The data I’m planning to use is sourced from the LAPD. The dataset provides information on crime Incident Reports in Los Angeles city. This is the combined raw crime data for 2010 through 2017.

Packages Requiried

################################ Loading the required packages ################################

library(DT)         #To display scrollable tables in r markdown
library(data.table) #For import using fread
library(dplyr)      #For data manipulation
library(tidyr)      #For getting the data in tidy format
library(lubridate)  #For extracting and working with dates
library(stringr)    #For working of strings
library(ggplot2) ## visualize data
library(janitor) # fF
library(cowplot)# Combines easily multiple plots
library(knitr) ## present table in webpage
library(shiny) ## develop shiny app
library(googleVis)
library(sf)
options(tigris_class = "sf")

What do you know about the data so far?

The raw data shown so far was focused only on its description.

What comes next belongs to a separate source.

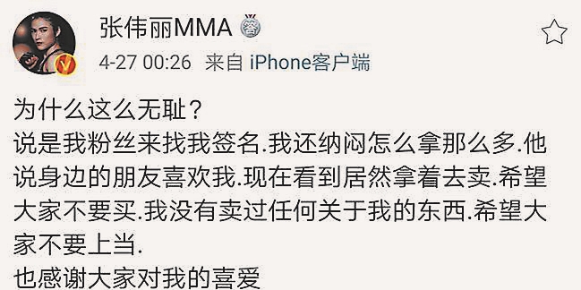 上个月,前UFC世界冠军张伟丽就陷入了一场关于“签名买卖”的风波:有网友指责张伟丽不好好训练,却靠售卖自己的签名获利,一张签名的售价高达2000多元。
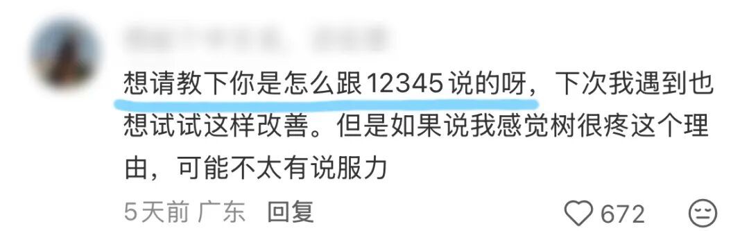 大家问“怎么跟12345说呢?如果说感觉树很疼这个理由,不太有说服力。”

Why did you choose this topic?

The Crime data dataset has been chosen because it is a good starting point for understanding different class of variables and how to use them in data analysis. It would be interesting to apply data science and visualization techneques to see what insight data can provide and how can we leverage data science in the field of crime and protection of general public.

Data Preparation

This section provides details on steps involved in preparing analytical dataset.

Data import

Some important characteristics of data are provided below:

Time Period - The data includes crimes from 01 January, 2010 to 28 October, 2017
Attributes - For each crime, this data provides 26 different variables like date when crime occurred, date when crime was reported, location of the crime, type of crime, victim’s description and current status of the investigation.
Missing values - Location field with missing values are replaced with (0,0). Also, unknown values of victim’s sex and victim’s descent are represented with charachter ‘X’.

The Raw data was imported into R using fread:

setwd("C:/Users/Sanjiv/Desktop/SanjivKukadia_FinalProject")
rawdata <- fread("Crime_Data_from_2010_to_Present.csv", header = T, sep= ",", dec = "." ,stringsAsFactors = T,
                 
                 na.strings=c("NA","","(0, 0)","X","-"),
                 
                 col.names =
                   c("DR_number",   "date_reported",    "date_occurred","time_occurred",   "area_id",  "area_name",   
                     "reporting_district",  "crime_code","crime_code_description",  "MO_codes",
                     "victim_age",  "victim_sex",   "victim_descent","premise_code",    "premise_description",
                     "weapon_used_code",    "weapon_description",  "status_code", "status_description",
                     "crime_code_1", "crime_code_2",    "crime_code_3", "crime_code_4",    "address",  "cross_street","location"))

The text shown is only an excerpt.